“樂官說笑了。詹某年少空讀,本是一介俗人,前些年還是跟樂官學到了風雅情趣,才能感受這秋水落霞天各一方的別致。只是中午剛見過別駕大人,有些麻纏的事情需要找樂觀商量,害怕打擾了樂官輾轉此地的情緒。”詹水興小心地說著話,臉上的神情也越發顯得疲憊。
“豈不聞《詩經·七月》有云,八月剝棗十月獲稻,為此春酒以介眉壽。詹先生所思所思所想之事,也就蘊藏在我們輾轉而來的緣由之中。”逢樂官抬起目光掠過詹水興看向遠處隨風舞動的蘆葦蕩。
詹水興聽得一知半解,也就不想再繞圈子了,于是靠近逢樂官說道:“樂官,有些事情還是我們商量比較好說,依您看,我這天水之圍還有獄中兄弟該如何解救。”
逢樂官笑了笑往詹水興身后走了幾步突然提高聲調說道:“天水之圍,我還以為是蜀軍要圍了天水郡呢。仔細想了想,昨天傍晚有折子呈到州府,說是新任天水太守張準破獲了隱藏在東村一帶的民間邪神組織,等著別駕大人加批再呈州牧大人紅批呢,想來此事應該沒什么麻煩吧。

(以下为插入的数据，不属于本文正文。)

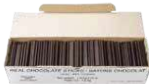
CHOCOLATE STICKS (BAKE STABLE) Packing: 15x1.6kg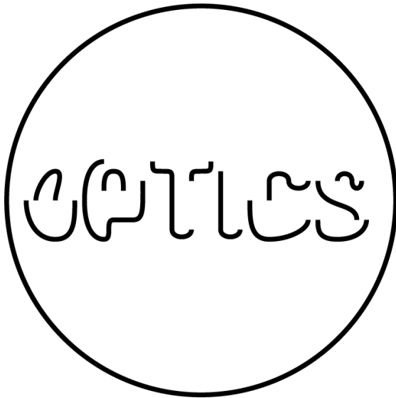
Figure 1. Word “optics” “written” on an atom in (Bromage and Stroud, 1999).

Let us estimate total amount of information that hypothetically conscious electron might contain in its consciousness. This estimation is not a trivial problem. In fact, the statement “electron subjectively observes its quantum dynamics” may be understood twofold. There may be two radically different versions of single particle consciousness hypothesis.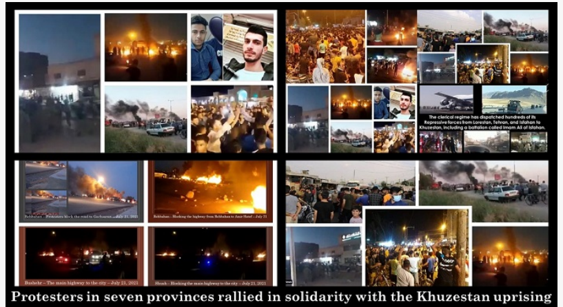
(NCRI) and (PMOI / MEK Iran): Recent protests in Khuzestan and a slew of other places demonstrated that the regime's cruel Covid-19 policy would no longer be a deterrent to popular insurrection.

”
“哎呀,還得是我的樂官大人啊,您這么一說我就通透了,這不就是大人一句話的事么!”詹水興松了一口氣,明白了那會夏侯晚所說的可以修書一封原來是此般含義。
“至于你的兄弟,你不就只有詹恩貴一個不好色的兄弟嗎!”逢樂官扭頭看向詹水興。
詹水興聽得一知半解也慌忙抬頭去看逢樂官,可那眸子卻恰好對上逢樂官身后絢爛的夕陽,一時間萬丈光芒傾倒進眼眶里,他心里猛地一沉再也看不清逢樂官的笑靨。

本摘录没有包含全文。